- [Given material]:

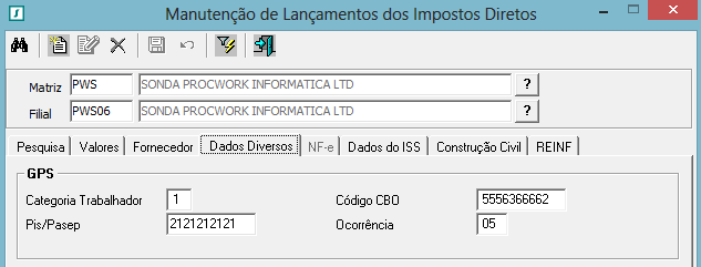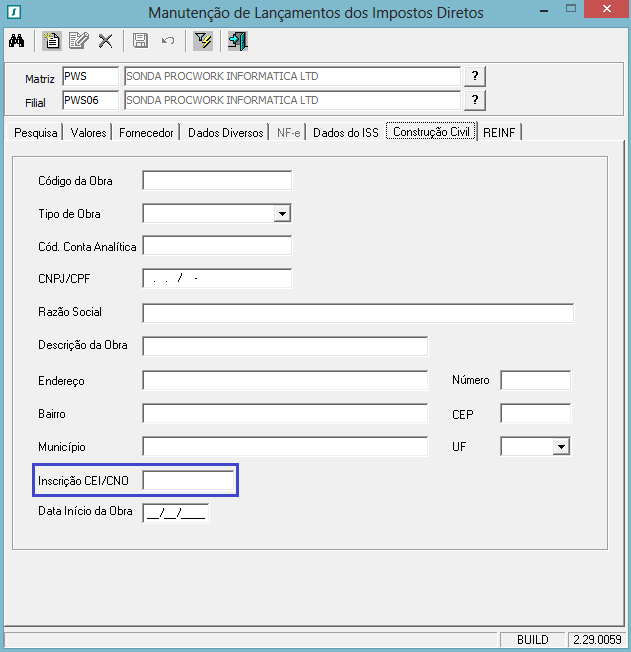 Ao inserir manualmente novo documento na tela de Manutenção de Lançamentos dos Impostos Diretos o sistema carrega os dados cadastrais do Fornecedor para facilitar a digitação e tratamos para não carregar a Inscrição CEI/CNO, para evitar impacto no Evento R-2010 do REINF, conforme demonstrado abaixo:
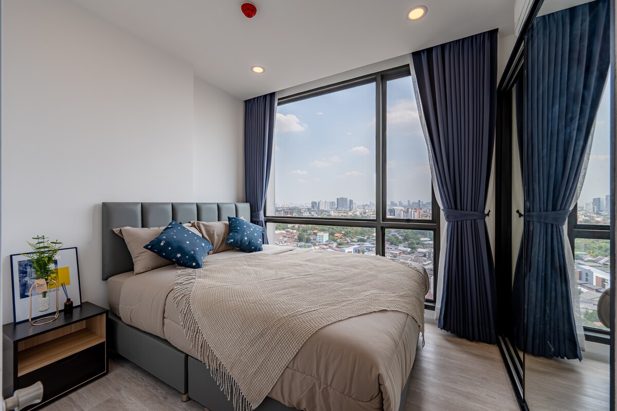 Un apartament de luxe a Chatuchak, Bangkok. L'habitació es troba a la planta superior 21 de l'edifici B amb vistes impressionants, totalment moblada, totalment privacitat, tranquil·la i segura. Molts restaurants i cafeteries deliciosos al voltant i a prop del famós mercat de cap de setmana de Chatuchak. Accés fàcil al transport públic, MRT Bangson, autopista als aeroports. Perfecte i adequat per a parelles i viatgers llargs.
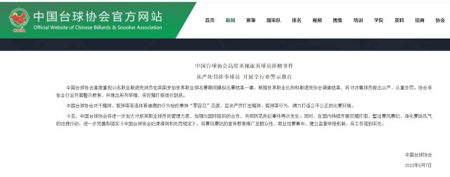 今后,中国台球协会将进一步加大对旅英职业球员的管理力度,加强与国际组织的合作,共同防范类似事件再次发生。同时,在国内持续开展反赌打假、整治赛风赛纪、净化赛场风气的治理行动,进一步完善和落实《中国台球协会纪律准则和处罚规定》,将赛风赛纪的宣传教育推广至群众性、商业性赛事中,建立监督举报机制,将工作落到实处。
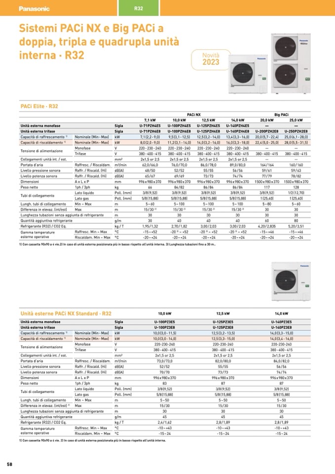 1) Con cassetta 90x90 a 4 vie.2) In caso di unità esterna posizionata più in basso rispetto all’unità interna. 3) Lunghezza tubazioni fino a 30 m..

- [How to complete this task]: Repeat the material exactly, without images.

- [Written reply]:
 Ao inserir manualmente novo documento na tela de Manutenção de Lançamentos dos Impostos Diretos o sistema carrega os dados cadastrais do Fornecedor para facilitar a digitação e tratamos para não carregar a Inscrição CEI/CNO, para evitar impacto no Evento R-2010 do REINF, conforme demonstrado abaixo:
 Un apartament de luxe a Chatuchak, Bangkok. L'habitació es troba a la planta superior 21 de l'edifici B amb vistes impressionants, totalment moblada, totalment privacitat, tranquil·la i segura. Molts restaurants i cafeteries deliciosos al voltant i a prop del famós mercat de cap de setmana de Chatuchak. Accés fàcil al transport públic, MRT Bangson, autopista als aeroports. Perfecte i adequat per a parelles i viatgers llargs.
 今后,中国台球协会将进一步加大对旅英职业球员的管理力度,加强与国际组织的合作,共同防范类似事件再次发生。同时,在国内持续开展反赌打假、整治赛风赛纪、净化赛场风气的治理行动,进一步完善和落实《中国台球协会纪律准则和处罚规定》,将赛风赛纪的宣传教育推广至群众性、商业性赛事中,建立监督举报机制,将工作落到实处。
 1) Con cassetta 90x90 a 4 vie.2) In caso di unità esterna posizionata più in basso rispetto all’unità interna. 3) Lunghezza tubazioni fino a 30 m..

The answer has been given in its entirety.